All That's Left to Tell

She sat entirely still, the room silent, and then he heard her move forward on her chair.

“Let me see your hand.” He extended it toward her. She bent it at the wrist and said, “Spread your fingers.” After he did, she set the base of her palm against his, and then pressed against it with her entire hand. He could feel her fingers extend well above his own, and the tiny spaces the creases in them made, and her palm was cool and dry. He felt the intimacy of his effort to see her through the pressure of her hand on his. And then she tightened her fingers around his, squeezing, and he could feel the strength in them.
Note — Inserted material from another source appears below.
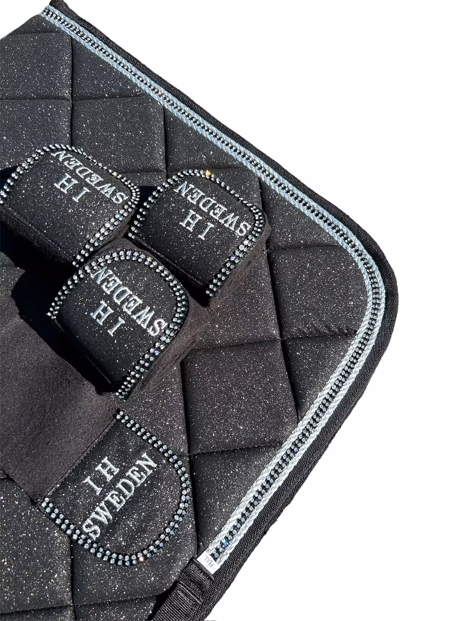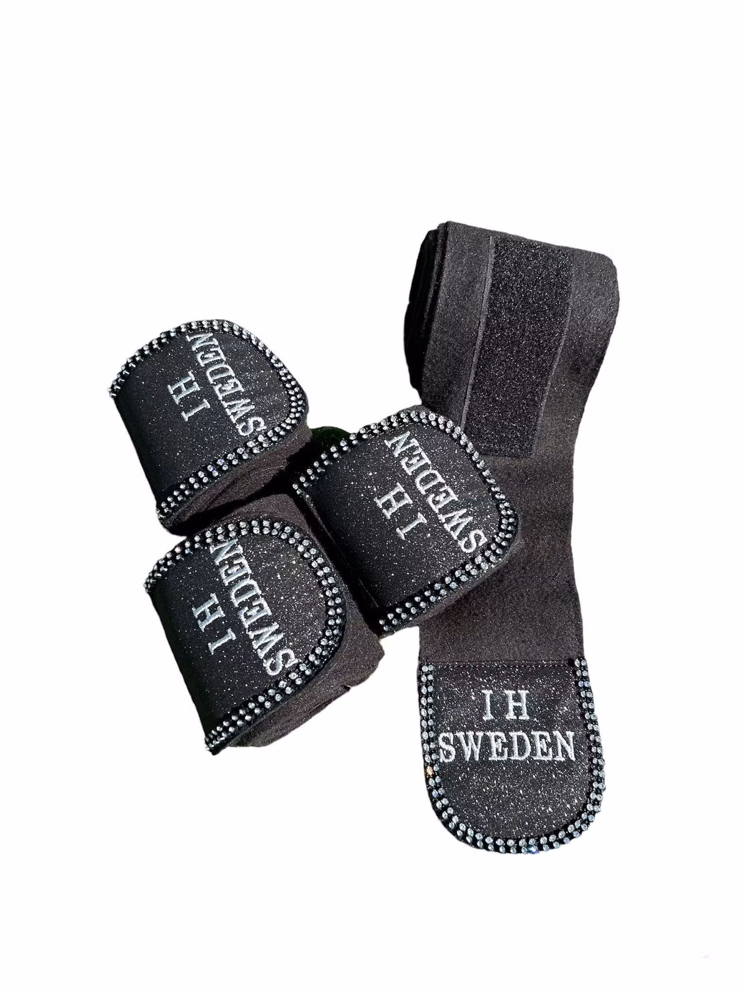 IH collektion i färgen svart.Benlindor i svart fleece.Glitter och dubbel strasskant.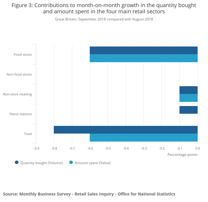 Food stores were the largest contributor towards the overall fall, with the amount spent and quantity bought both having a negative percentage point change of 0.6.

“That shouldn’t necessarily be a complicated question, should it? But for me, it is. I’ve kept others from hurting me when I could.”

She pulled her hand away.

The evening deepened as they continued to sit for a time without speaking. Outside, he occasionally heard voices, then a door closing and someone laughing. He remembered the table he’d seen days ago with the three place settings, and he had wanted to sit down there with that small family. And then the call went out for the evening prayer—he wasn’t sure how far away the mosque was, but it was surely equipped with loudspeakers for the muezzin’s voice to carry this far. Odd that a man’s singing, with no instruments to support him, calling people to gather, could sometimes sound like a mournful plea for company.

“When I was seventeen,” Josephine said, “a girl in my high school took an interest in my mortal soul. I think of her every time I hear that particular muezzin. He sounds like a woman, don’t you think?”

“Before I came here, if I’d heard him, I would have been sure of it.” He was feeling a sympathy for Josephine that he couldn’t have explained.

“Years ago, I used to wonder if they tried to. Sound like women, I mean. I’m not sure why I wanted to think that. Jibril laughed at me when I asked him about it.”

“Jibril was the man you traveled with?”

He imagined she nodded, sensed that she did, which meant that she had forgotten his blindfold because of the memory.

“The girl in my school,” she said. “She was tiny, really. One of those young women who somehow managed to be short and thin at the same time. I towered over her. She wasn’t particularly popular with the other kids, but she had that kind of sunflower face, round and always turning toward the light, and her brightness was appealing, so most of the kids forgave the Bible she hauled around with her schoolbooks. She didn’t push it most of the time, but once she invited me to a concert in a small, open-air stadium in a park. I didn’t believe in God then, but because she was sweet, and I considered her a friend, I spent the evening there with her. It was Christian rock, which I didn’t have much patience for, but it was played well enough, and the lead singer would occasionally tell stories in between songs. In the middle of one of those stories, an ambulance went by with its siren blaring, louder and louder as it neared the venue, and the singer broke off his story and asked everyone to bow their heads, and as he was saying a prayer for whoever it was who was hurt or dying, my girlfriend took my hand. It was the only thing that reached me in the entire show.”